第7回『このミス』大賞 1次通過作品

『禁じられた街』 梅津俊紀

 若い女性を殺害してから喉を切り裂き、その血液を抜き取る──西十崎市で相次いで起きた二件の殺人事件の犯人は、その手口から「吸血鬼」と呼ばれるようになった。刑事の本城友季恵は、コンビニ強盗逮捕時に犯したミスのせいで直接の捜査参加を阻まれていたが、大学院で犯罪心理学を学ぶ日比生鑑の力を借りて「吸血鬼」を追う……。

 吸血鬼ホラーではなく、猟奇殺人者を追う警察の捜査を描いた作品である。物語の枠組み自体は、すでに多くの作品で使い古されたもの。ことさら新鮮味があるわけではない本作をそれでも推すのは、全体のバランスのよさにある。

 例えば、キャラクターの造形。敏腕刑事であり、一方で他人には打ち明けがたい秘密を抱えた友季恵。彼女の捜査活動をチェックする、友季恵にとってはきわめて煙たい存在のエリート女性検事。一見頼りなさそうだが、優れた知性で友季恵をサポートする日比生。そんな主要人物たちの人物像はいずれも明快で、作中での役割分担もある程度ははっきりしている。わかりやすいキャラクターを配して、物語は軽快に進んでいく(もちろん、捜査は難航するのだが)。
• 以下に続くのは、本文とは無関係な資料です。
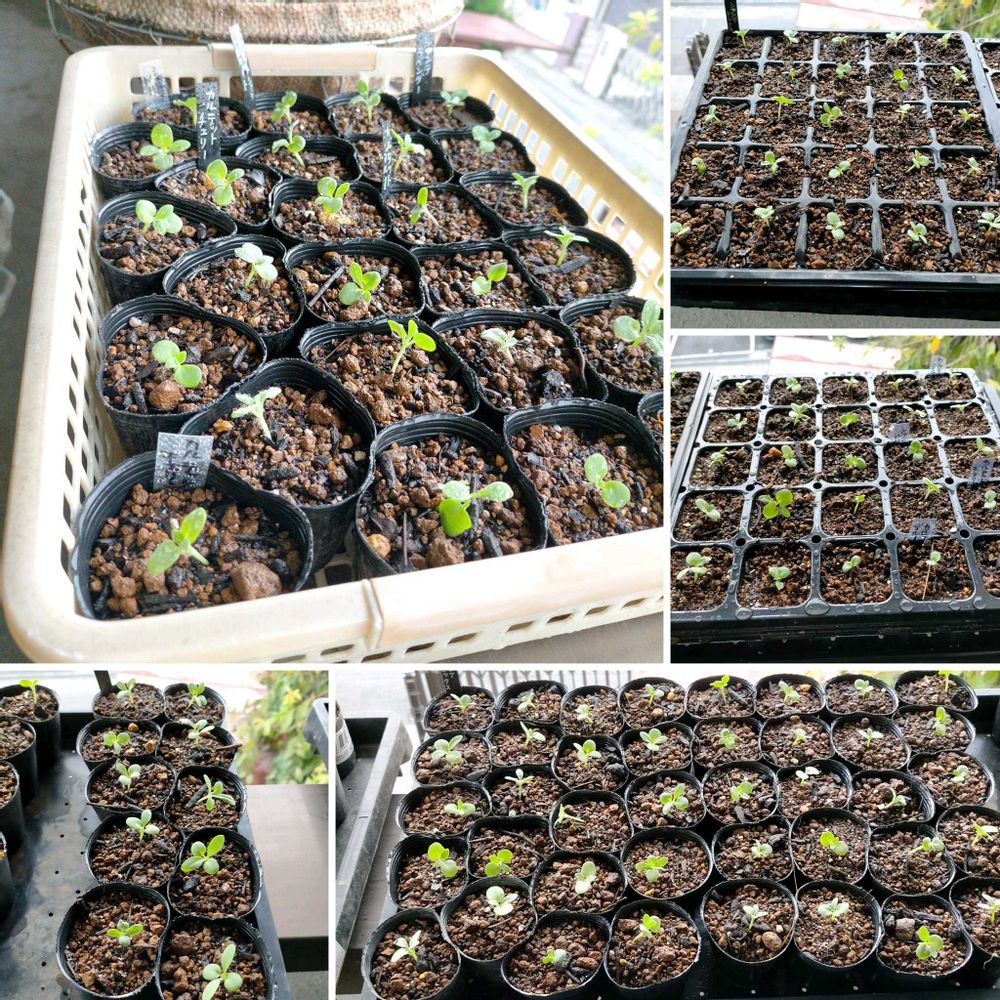 【5枚目】ストックはまだたくさんあります。残すはベイビーだったかな。数えたら300弱あったわ😱 一重らしきものを抜いたとしてもあと150近くポット上げするのかー。がんばらねば!💪

 終盤にも、ちょっとした驚きが用意されている。ミステリらしい稚気を感じさせる、意外な展開だ。ただし、きわめて誠実に伏線を張っているせいか、仕掛けに気づいてしまう読者も少なくないだろう。

 バランスがとれているだけに、もっと過剰さを取り入れてもよかったのでは……と思う部分もあるが、まずは均整のとれたつくりを評価したい。細部に粗さの目立つ作品ではあるが、物語の成立自体を危うくするレベルではないと考えている。